**TASK INPUTS:**

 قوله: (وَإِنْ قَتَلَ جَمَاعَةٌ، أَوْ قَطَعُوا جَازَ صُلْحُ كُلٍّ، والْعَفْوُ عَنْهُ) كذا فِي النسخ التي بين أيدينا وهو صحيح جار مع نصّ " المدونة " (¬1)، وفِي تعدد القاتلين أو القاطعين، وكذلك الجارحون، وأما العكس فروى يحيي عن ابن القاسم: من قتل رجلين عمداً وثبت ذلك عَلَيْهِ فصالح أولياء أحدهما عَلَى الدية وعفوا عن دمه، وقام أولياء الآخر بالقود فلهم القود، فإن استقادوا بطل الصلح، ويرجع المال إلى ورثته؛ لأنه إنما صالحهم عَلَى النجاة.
...
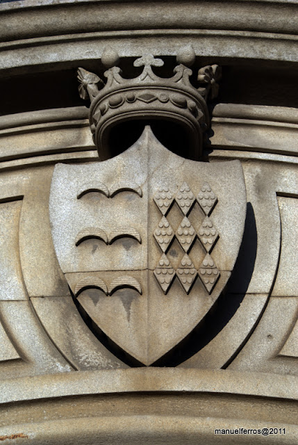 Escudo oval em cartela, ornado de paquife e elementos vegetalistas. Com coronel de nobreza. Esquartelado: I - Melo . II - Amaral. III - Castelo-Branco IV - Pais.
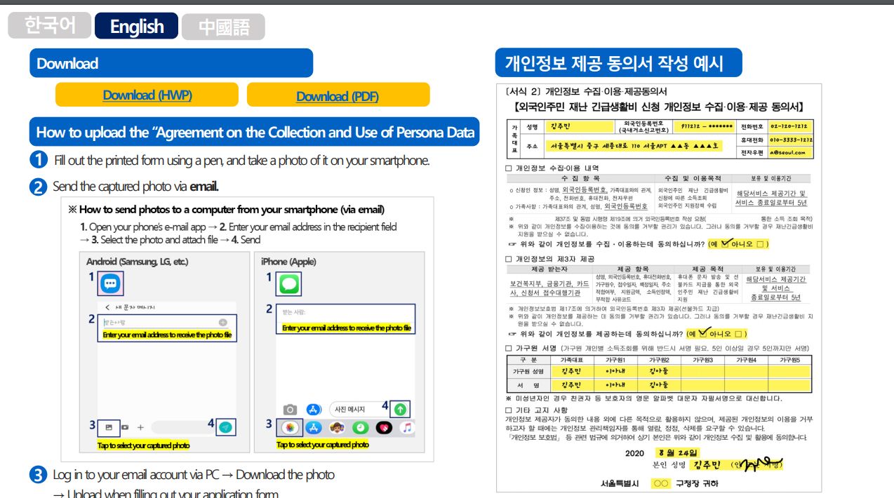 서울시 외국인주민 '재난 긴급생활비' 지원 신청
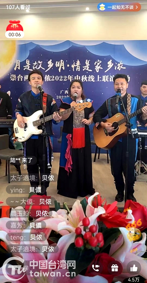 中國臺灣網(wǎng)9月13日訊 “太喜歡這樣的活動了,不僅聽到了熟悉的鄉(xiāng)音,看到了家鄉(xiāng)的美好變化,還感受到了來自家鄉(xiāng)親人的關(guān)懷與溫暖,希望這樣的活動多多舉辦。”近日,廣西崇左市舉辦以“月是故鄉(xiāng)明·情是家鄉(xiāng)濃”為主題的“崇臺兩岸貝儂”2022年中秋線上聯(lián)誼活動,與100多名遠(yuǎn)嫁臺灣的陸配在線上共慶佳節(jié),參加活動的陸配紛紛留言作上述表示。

**HOW TO COMPLETE THIS TASK:** Taking the material above, give again exactly the lines from the one holding "서울시 외국인주민 '재난 긴급생활비' 지원 신청" through the one holding "中國臺灣網(wǎng)9月1", with both ends and without pictures.

**EXERCISE ANSWER:**
 서울시 외국인주민 '재난 긴급생활비' 지원 신청
 中國臺灣網(wǎng)9月13日訊 “太喜歡這樣的活動了,不僅聽到了熟悉的鄉(xiāng)音,看到了家鄉(xiāng)的美好變化,還感受到了來自家鄉(xiāng)親人的關(guān)懷與溫暖,希望這樣的活動多多舉辦。”近日,廣西崇左市舉辦以“月是故鄉(xiāng)明·情是家鄉(xiāng)濃”為主題的“崇臺兩岸貝儂”2022年中秋線上聯(lián)誼活動,與100多名遠(yuǎn)嫁臺灣的陸配在線上共慶佳節(jié),參加活動的陸配紛紛留言作上述表示。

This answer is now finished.